Fukushima Three Years On. Devastating Environmental and Health Impacts
by Janette Sherman M.D and Joseph Mangano
The third anniversary of the Fukushima meltdown will occur on March 11th. The news is that Prime Minister Shinzo Abe and major Japanese corporations want to re-open the 50 other nuclear power plants that closed when Fukushima blew up, calling them a friendly economic source of cheap power.
Will this end up with business as usual? We were recently asked if we thought that Fukushima could ever be cleaned up. We have to say “no,” based upon what we know of the biology, chemistry and physics of nuclear power and isotopes and the history of nuclear development. Chernobyl melted down in 1986 and is still releasing radioisotopes.
Not all life systems were examined around Chernobyl, but of those that were – wild and domestic animals, birds, insects, plants, fungi, fish, trees, and humans, all were damaged, many permanently, thus what happens to animals and plants with short-term life spans is predictive of those with longer ones.
Worldwide, some 985,000 “excess” deaths resulted from the Chernobyl fallout in the first 19 years after the meltdown. In Belarus, north of Chernobyl, which received concentrated fallout; only 20% of children are deemed to be “healthy” although previously 80% were considered well.
How can a country function without healthy and productive citizens? Notable in the U. S. is the Hanford Nuclear Site in Washington State, built some 70+ years ago by 60,000 laborers, and currently leaching radioisotopes into the Columbia River.
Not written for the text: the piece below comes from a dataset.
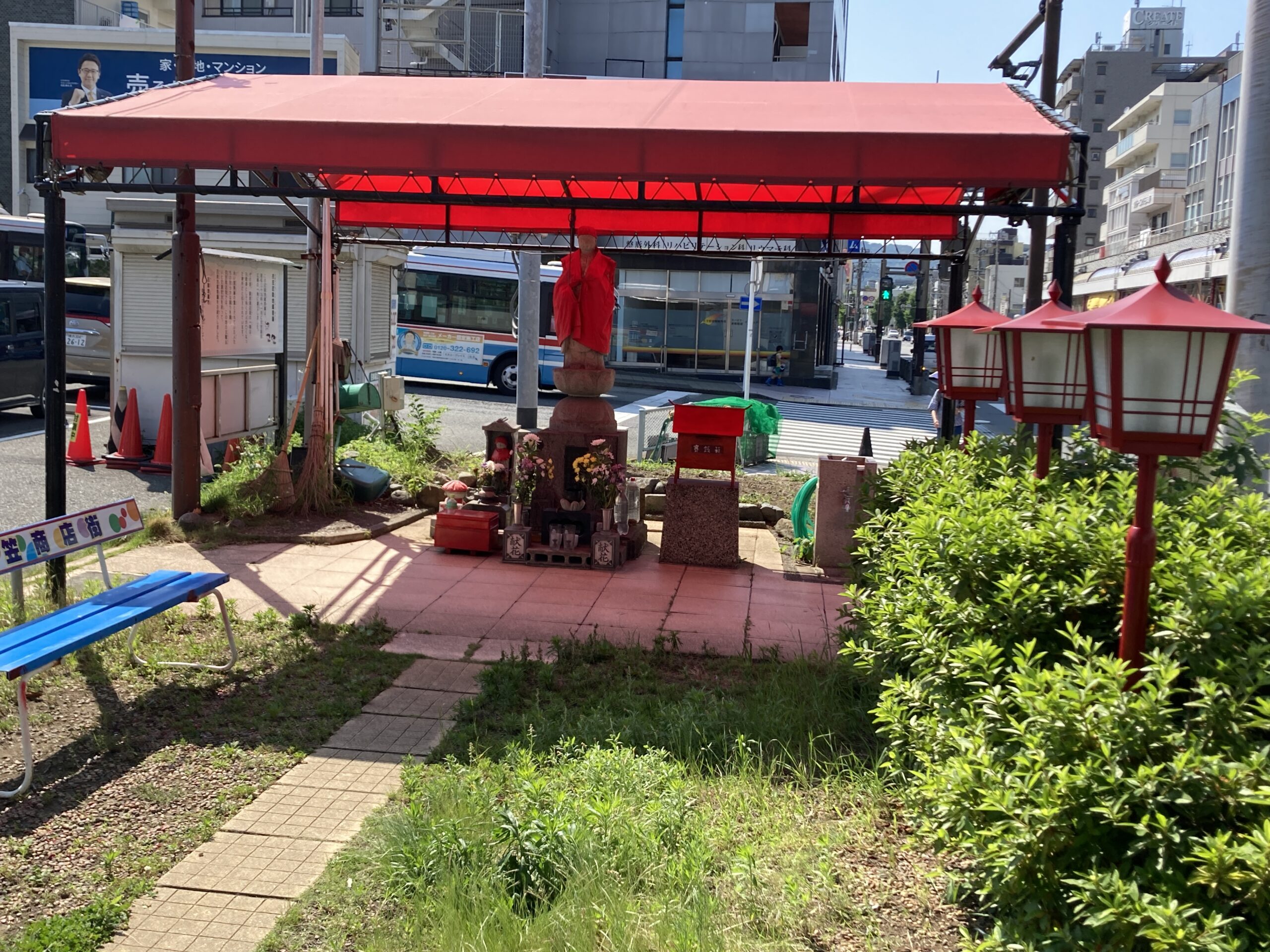 この辺りは、古くから三浦一族ゆかりの地とされており、その昔、駅前商店街の一帯は、古戦場として多くの人が亡くなった場所だと伝えられています。永い間無縁の霊とされていた人たちの安らかな眠りを願い、衣笠商店街では、この地の災難払いと交通安全を祈って、1964年に厄除地蔵菩薩が広場の一角に建立されました。

DuPont was the original contractor, but since, multiple corporations, each paid mllions of dollars and have yet to contain the leaking radioactivity.
Every nuclear site is also a major industrial operation, contaminated not only with radioactive materials, but multiple toxic chemicals, such as solvents and heavy metals.
Fukushima is still leaking large quantities of Cs-137 and Sr-90 into the Pacific Ocean, where all forms of marine life will absorb them - from algae to seaweed, to fish, to sea mammals and ultimately to humans who consume the contaminated sea life. Our recently released peer-reviewed paper confirms hypothyroidism in newborns in California, whose mothers were pregnant during the early releases from Fukushima. Thyroid abnormalities were detected early in Marshall Islanders and in Belarus residents of Gomel located near Chernobyl.
Radioactive iodine, known to interfere with thyroid function entered the U. S. from Fukushima in late March, shortly after the meltdowns, and was carried by dairy products resulting in damage to the unborn. It takes ten half-lives for an isotope to decay. Sr-90 and Cs-137 have half-lives of approximately 30 years, which means three centuries will occur before the initial releases are gone, and the releases have not stopped. There are some 26 nuclear reactors in the United States with the same design as those at Fukushima, and they pose a significant risk to people and the environment.
Unless we close the existing nuclear power plants and build no new ones, we are destined to repeat the on-going stories of Fukushima, Chernobyl, Three Mile Island in Pennsylvania, and the myriad other sites that have already caused untold environmental, health, social, and economic costs. So will it be sanity or business as usual? Perhaps it was Albert Einstein who defined insanity as doing the same thing over and over and expecting a different result.
We must choose a sane path away from nuclear energy.